* [Your goal]
Pictures aside, please retype the whole listing word for word.

* [Material provided]
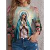 Yaz Meryem Ana 3D Baskılı Tişört Kadın Sokak Giyim Günlük Tişörtler Y2k Üstler Kadın Harajuku V Yaka Tişörtler Oversize Giyim
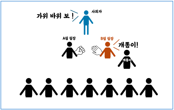 - 그 둘씩 가위바위보를 하여 이긴 사람과 진사람을 구분한다.
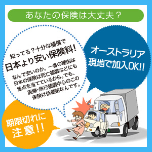 それぞれに適した保険を選択されるといいと思いますが、ジャパセンは、日本からでもオーストラリア入国後でも対応ができる保険会社の代理店なのでお問合せやお申込みはお気軽にお知らせ下さい。また、以下の通りにジャパセンで取り扱っている保険に関してお知らせをしたいと思います。

* [Response]
 Yaz Meryem Ana 3D Baskılı Tişört Kadın Sokak Giyim Günlük Tişörtler Y2k Üstler Kadın Harajuku V Yaka Tişörtler Oversize Giyim
 - 그 둘씩 가위바위보를 하여 이긴 사람과 진사람을 구분한다.
 それぞれに適した保険を選択されるといいと思いますが、ジャパセンは、日本からでもオーストラリア入国後でも対応ができる保険会社の代理店なのでお問合せやお申込みはお気軽にお知らせ下さい。また、以下の通りにジャパセンで取り扱っている保険に関してお知らせをしたいと思います。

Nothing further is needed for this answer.